In heaven the archangels were meanwhile still quarreling about the desirability of man, but JHVH said, "Why are you still talking? He has already been created." He seems to have had other problems with his ministers for that matter, because according to some sources Adam was initially as large as the whole universe, which they saw as a threat. Thereupon God reduced him to more moderate, although still gigantic proportions. Only after the fall did he and his Eve acquire the dimensions still customary today.

In this way we learn more and more. I myself am-professionally-curious to know further details about that mysterious sixth hour. What did JHVH actually get up to in it?
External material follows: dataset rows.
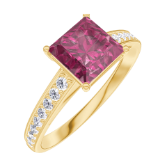 « L'ATELIER » Nº 167906Bague Or jaune 9 carats - Rubis Princesse 1 carat - Sertissage Diamant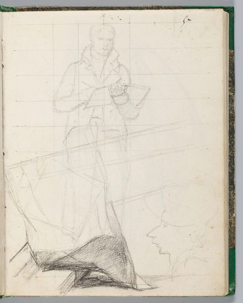 Curator: This is Louis Apol’s “Landschap en een man met bril,” or “Landscape and a Man with Glasses,” likely dating from the 1880s. Editor: It feels like a fleeting observation, a quick sketch captured on the go. There’s a palpable sense of immediacy. Curator: Precisely. Apol was a master of capturing atmospheric conditions and light effects. Look closely at the economy of line. The quick, assured strokes describe both the figure and a suggestion of landscape with minimal effort. Notice the visible grid of the sketchpad paper that the artist purposefully retains. Editor: The man’s slightly slumped posture and intense gaze behind those spectacles hints at intellectual or perhaps artistic fatigue. There’s a vulnerability there. This was drawn amidst growing unrest and socio-economic disparity. Do you think he’s documenting it all, burdened by what he observes? Curator: Intriguing speculation. Semiotically, the figure in spectacles can symbolize insight or scholarly detachment, but I'm hesitant to immediately translate the man’s gaze into social commentary. It might just as easily signal the observational quality fundamental to both art and science. Editor: But we can't divorce art from its historical context. Consider the period: stark contrasts between the emerging wealthy class and the struggling working class, especially in artistic communities. This pensiveness feels like more than mere artistic observation. It has a feeling of moral concern to it. Curator: Regardless, the dynamism in the pencil strokes beautifully constructs not just the form of the man, but also creates a mood of quiet contemplation. Apol uses shading and a clear handling of texture to convey shape. Look at how those short lines, that feel like afterthoughts, construct a very simple environment to support the figure. Editor: So while one might see it as a simply sketched character study, it becomes layered when seen through an empathetic lens – acknowledging how political tension and human fragility might merge within a single portrait. Thank you, Louis Apol, for making us feel as though we are sharing a moment with this intriguing man! Curator: Agreed. It's a striking piece that exemplifies how masterful mark-making alone is powerful, even when devoid of explicit narrative intent.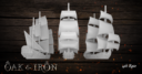 Quick and Simple: While many age of sail games place the focus on the intricacies of sailing ships, Oak & Iron is a game played from the Admiral’s perspective. The Admiral is not as focused on the exact point of sail of each of the ships in the fleet, but rather whether or not they are where they are supposed to be in relation with the rest of the fleet. The game is designed to streamline the rules for sailing to keep the game fast, furious, and focused on tactics rather than the minutia. The important aspects of sailing are present (no sailing in the wind’s eye!), but abstracted to keep it intuitive, and focused on fleet positioning and maneuvering.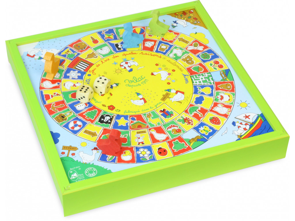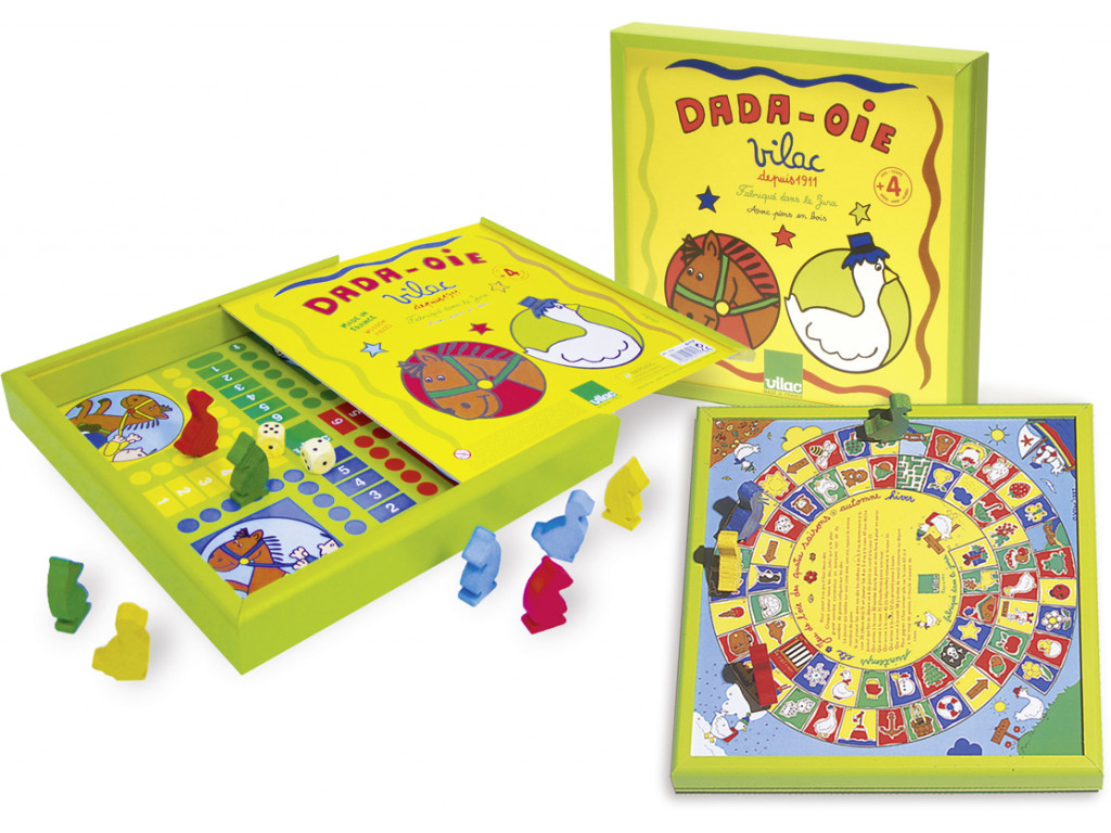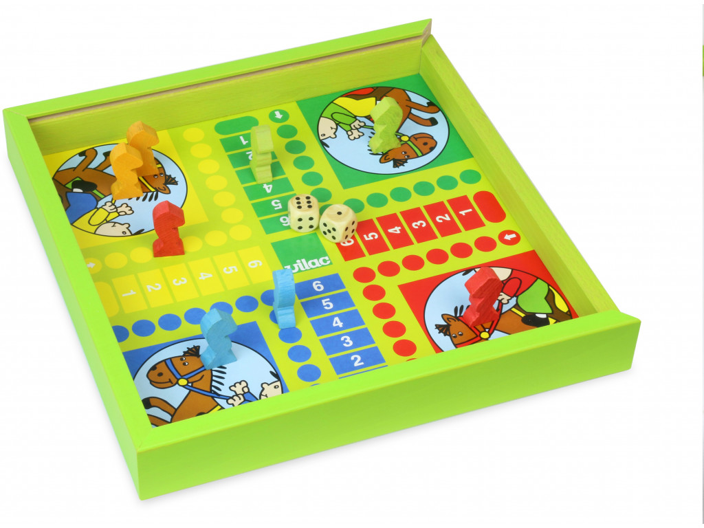 Klasický drevený súbor hier. Na jednej strane nájdete Človeče nehnevaj sa s figúrkami koní, na druhej Husaciu hru. Husacie hra spočíva v tom, že sa dvaja alebo traja hráči pohybujú po špirálovitom hracom poli a snažia sa vyhnúť políčkam s nástrahami ako napríklad "most" alebo "hotel". Zábavné hry pre malých i veľkých. Vyrobené vo Francúzsku.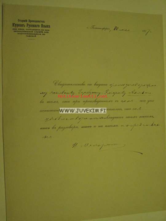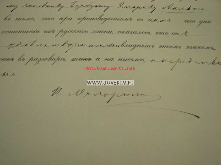 Herbert Emerik Aalto -todistus venäjänkielen kurssista 1917, allekirjoitus Melartt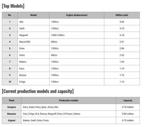 Március végén érte el az összesített 30 milliós gyártási darabszámot a Suzuki indiai részlege, a 40 év és 4 hónap alatt elért teljesítmény túlszárnyalja a japán teljesítményt, ahol ehhez 55 évre és 2 hónapra volt szükség. Ehhez képest Esztergomban 32 év alatt „mindössze” 4 millió autót gyártottak – nálunk csak 1 üzem van. Indiában 1983 decemberében kezdték meg a Maruti 800 by Maruti Udyog gyártását. Jelenleg 3 gyárral rendelkezik a Suzuki a szubkontinensen (Gurgaon, Manesar, Gujarat) évi 2,25 millió autós kapacitással, 2025-ben (Kharkoda) és 2027-ben (Gujarat) átadnak még 1-1 gyárat, amelyekkel már évi 4 millió példányra nő a gyártókapacitás.
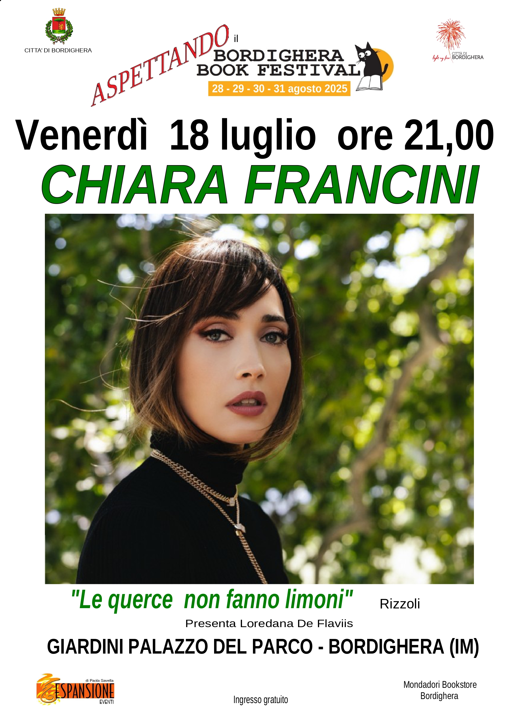 L’evento organizzato da Espansione di Paola Savella e Mondadori Bookstore di Bordighera con la collaborazione e il Patrocinio del Comune di Bordighera (IM) si inserisce nel vasto programma della 12° edizione del Bordighera Book Festival che andrà in scena l’ultimo week end di agosto.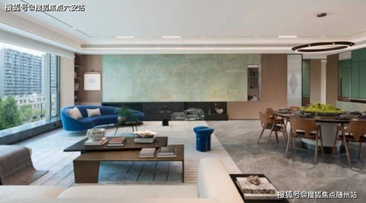 对于高净值客群来说,客餐厅需要「方圆双全」。建筑面积约365平米户型拥有宽约13米的大横厅,不仅可以放得下约10人座的大圆桌,又可以放得下长桌,形成与客厅对望的开放式书房。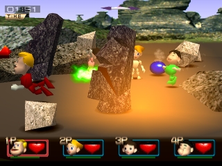 В семи различных 3D-средах, усеянных метательными предметами, вам предстоит сразиться с тремя противниками, вооруженными бревнами, камнями, ледяными глыбами и атомными бомбами. Если у вас закончились предметы для метания, вы можете швырять их в противников. Каждое попадание уменьшает счетчик жизни, поэтому будьте осторожны в выборе противника.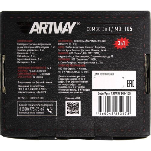 Видеорегистратор с радар-детектором Artway COMBO MD-105 GPS черный ARTWAY MD-105

Intermediate stages, origins, decay, twilights, metamorphoses, are always more interesting than what's already there, is not yet there, or is no longer there. The transition in the seventh hour from organic matter to man through the divine breath of life is less essential than the transition from dead to living matter in the sixth hour. The difference between an amoeba and a human being is less than that between a crystal and an amoeba, because in the latter case the difference is almost 100 percent. (Almost? Not 100 percent? What then? 99.999...percent? Patience!) So that during that transition, in the sixth hour, something really fundamental happened. What exactly?

I have great news. In the virtually endless twists and turns of Scripture there is a piece of writing that tells us something about this: Sefer Yetsirah, The Book of Creation. It was written in Hebrew, presumably in about the third century in Palestine, by an anonymous Jewish neo-Pythagorean, and is the complete antithesis of what is regarded at the end of the twentieth century as a readable text. I doubt whether at this moment more than a hundred people in the entire world are poring over that mysterious book; it's rather like a secret, metaphysical royal chamber in the pyramid of the written word. For that matter, "book" is too grand a word; it consists of six short chapters, divided into eighty-one sections, all in all less than two thousand words, that is, scarcely five A4 sheets. I must confess that this fills me with immeasurable jealousy: five A4 sheets! Since quantity is also quality, every writer wants to write a book of a thousand pages-but a...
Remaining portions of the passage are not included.